(Extracted records)

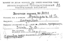 Зачетная книжка студентки Фрейндлих Алисы Бруновны: (нажмите для увеличения)
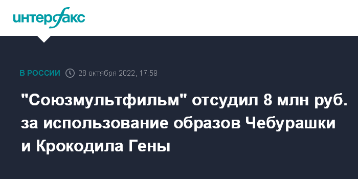 Москва. 28 октября. INTERFAX.RU - Арбитражный суд Москвы взыскал 8 млн рублей в пользу кинокомпании "Союзмультфильм" за незаконное использование образов Чебурашки и Крокодила Гены в символике ресторана "Тебурасика", сообщили "Интерфаксу" в пресс-службе студии.
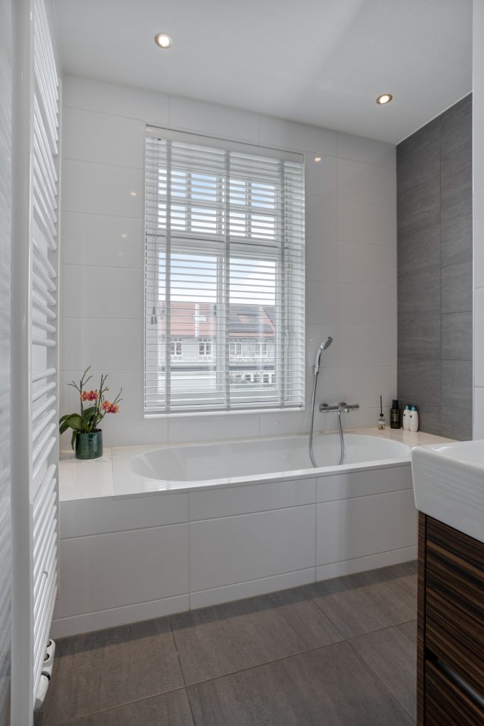 The exclusive bathroom is fitted with premium sanitary ware and offers a spa-like experience with a spacious bathtub, a generous walk-in shower, and a washbasin with 2 taps in a vanity unit.
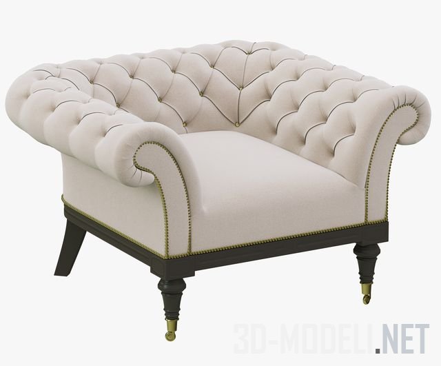 Большое мягкое кресло Islington Chesterfield Upholstered Chair от Restoration Hardware. Кресло обтянуто белой мягкой дорогой тканью с простежкой капитоне и отделано строчкой из золотых декоративных гвоздиков. Спинка и подлокотники закруглены и отогнуты назад. Фигурные деревянные ножки спереди заканчиваются золотыми маленькими колесиками.
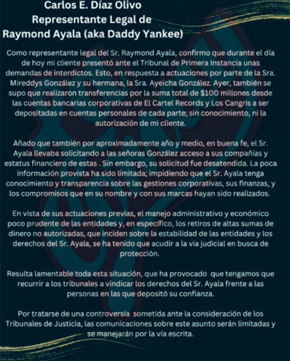 En otro fragmento de su carta, Mireddys pidió respeto por su familia, y aclaró que no aceptará difamaciones de ningún tipo: “Quiero regirme por la justicia y la verdad”. En las últimas horas, el medio La Comay TV compartió un escrito del representante legal del artista de reggaetón, donde se leyó que Mireddys y su hermana retiraron 100 millones de dólares de las cuentas bancarias de Daddy.
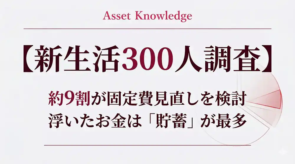 | 当社の資産運用メディア「Asset Knowledge(アセットナレッジ)」では、全国の20代以上の男女を対象にアンケートを実施し、新生活における固定費見直しと資金管理の実態を調査しました。 | |||||||||||||||
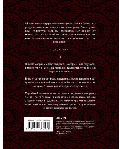 Безусловно, самая глубокая книга Садхгуру - и не только. Это редчайший кладезь знаний о жизни и смерти и пояснений, которые духовные учителя не всегда дают даже ближайшим ученикам. Здесь Садхгуру действительно отвечает на все вопросы – от финансового благополучия до метафизики смерти, и делает это поразительно открыто и обстоятельно.
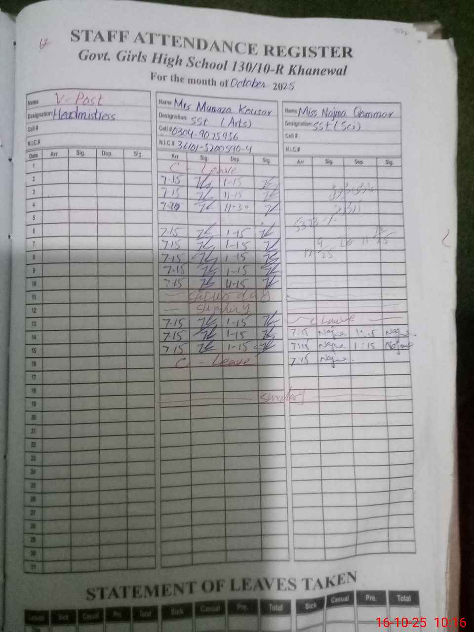 | CNIC | Full Name | Designation | R/C | Absence During Last Calender Month |
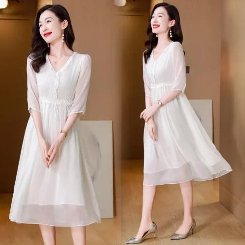 Luxurious Summer Silk Dress for Women Casual Lace Solid Color Adjustable Waist Chic Chiffon Dress for Ladies
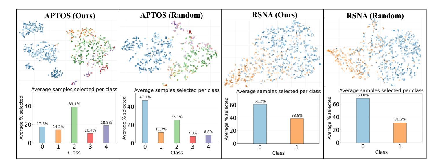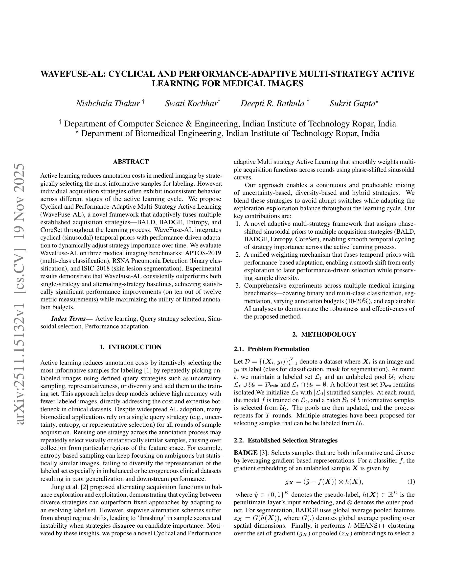 主动学习通过策略性地选择最具信息量的样本进行标注,降低了医学成像的标注成本。然而,不同的主动学习周期阶段,个体获取策略往往表现出不一致的行为。我们提出了循环和性能自适应多策略主动学习(WaveFuse-AL),这是一种新型框架,能够自适应地融合多种已建立的获取策略,包括BALD、BADGE、熵和CoreSet,贯穿学习过程。WaveFuse-AL结合了循环(正弦)时间先验知识和性能驱动的自适应,以随时间动态调整策略的重要性。我们在三个医学成像基准测试上对WaveFuse-AL进行了评估:APTOS-2019(多类分类)、RSNA肺炎检测(二元分类)和ISIC-2018(皮肤病变分割)。实验结果表明,WaveFuse-AL始终优于单策略和交替策略的基线,在12个度量指标中的10个指标上实现了统计上显著的性能提升,同时最大限度地提高了有限标注预算的效用。

WHAT YOU NEED TO DO ▸
Copy, word for word, the entries above from the first line to the line that holds "The exclusive bathroom". Drop the pictures.

REPLY TO THE TASK ▸
 Зачетная книжка студентки Фрейндлих Алисы Бруновны: (нажмите для увеличения)
 Москва. 28 октября. INTERFAX.RU - Арбитражный суд Москвы взыскал 8 млн рублей в пользу кинокомпании "Союзмультфильм" за незаконное использование образов Чебурашки и Крокодила Гены в символике ресторана "Тебурасика", сообщили "Интерфаксу" в пресс-службе студии.
 The exclusive bathroom is fitted with premium sanitary ware and offers a spa-like experience with a spacious bathtub, a generous walk-in shower, and a washbasin with 2 taps in a vanity unit.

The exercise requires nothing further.